Recent reports claim Pete Doherty's cats were found with cocaine in their systems. Similar to the air in Rome, Junkie Pete's London apartment is wafting with enough cocaine particles to keep him, his cats, and his entire neighborhood high for months. After noticing his cats were snorting lines, hallucinating, drinking all his beer, and stealing his car for crack-fueled joy rides, Pete came up with an idea. He would gather trash, bits of rotting food and dust from his apartment and make cat treats from it. Pete Doherty's Crack Addict Crunchies are taking London by storm and will soon be available in the United States. They're 40 times stronger than catnip and your cat is guaranteed to love them...but please, keep them out of reach from Hollywood starlets. Medium: oil on wood, digital color. Original sketch here.
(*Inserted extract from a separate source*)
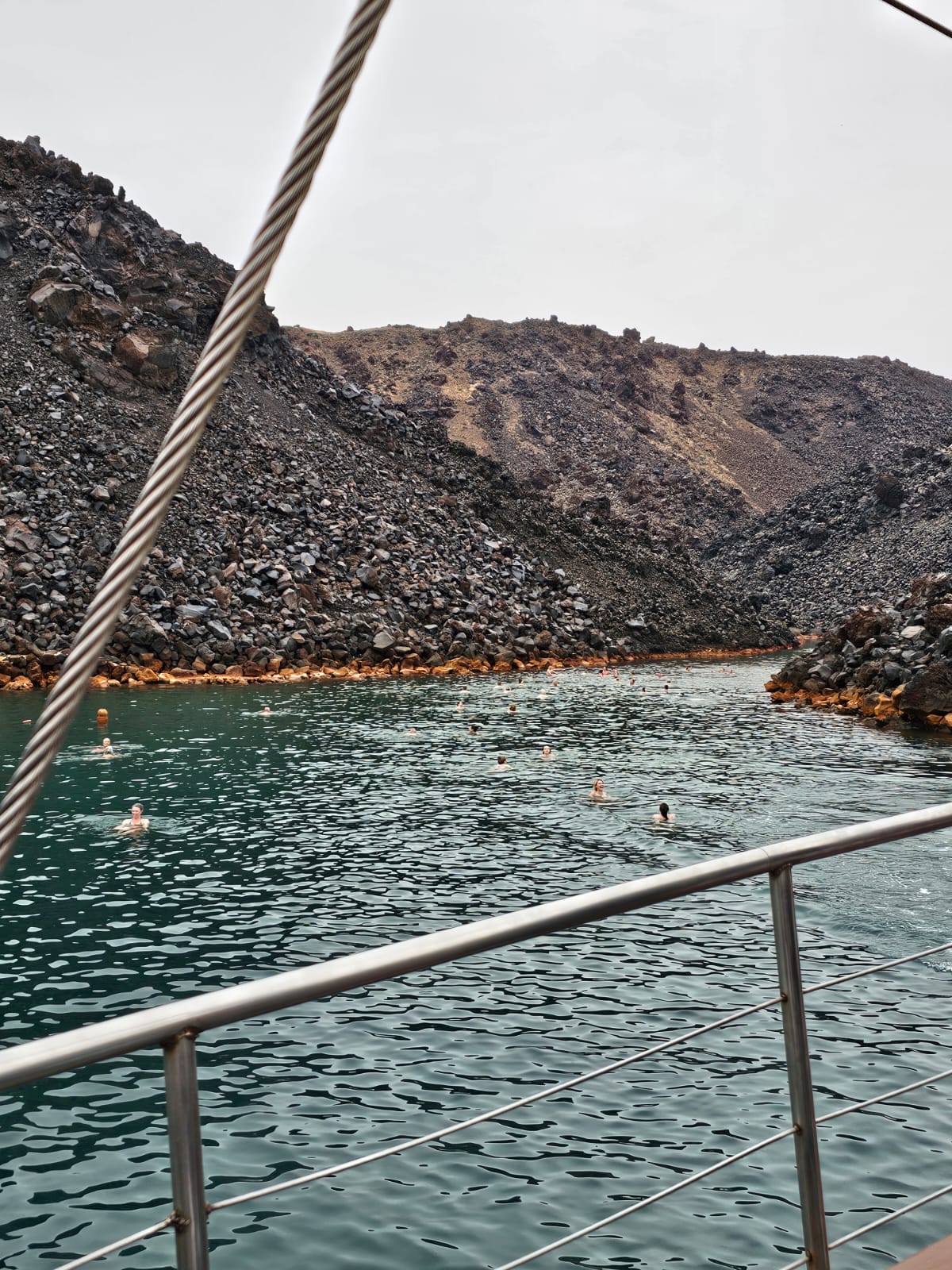Durant notre croisière, il est possible de se baigner dans des sources d’eau chaude. Il y a environ 50 à 70 mètres à nager dans l’eau à 18 degrés avant d’atteindre les sources… Comment dire, cela m’a refroidi. Nous nous sommes reposés sur le bateau, cette activité ne dure que 30 minutes maximum. J’avais également peur d’avoir froid lorsque le bateau allait naviguer en étant mouillée.

Much discussion has erupted over the recent announcement of the $45,000 Loius Vuitton bag. Only two dozen were made, and despite the fact they look like something a lawnmower chewed up, all have quickly sold out. If you think paying $45,000 is outrageous, then get a load of this Loius Vuitton $150,000 Urban Satchel debuting for Spring 2008:
Made of the world's finest Italian leather, this one-of-a-kind luxury handbag is hand-crafted with carefully chosen "urban charms". The proud owner of this exclusive handbag will be able to flaunt her impeccable style and lavish taste to a world that can only dream about owning such a rare and precious possession. Medium: an old purse found in the back of my closet, rubber cement, various bits of trash found on the sidewalks of San Francisco.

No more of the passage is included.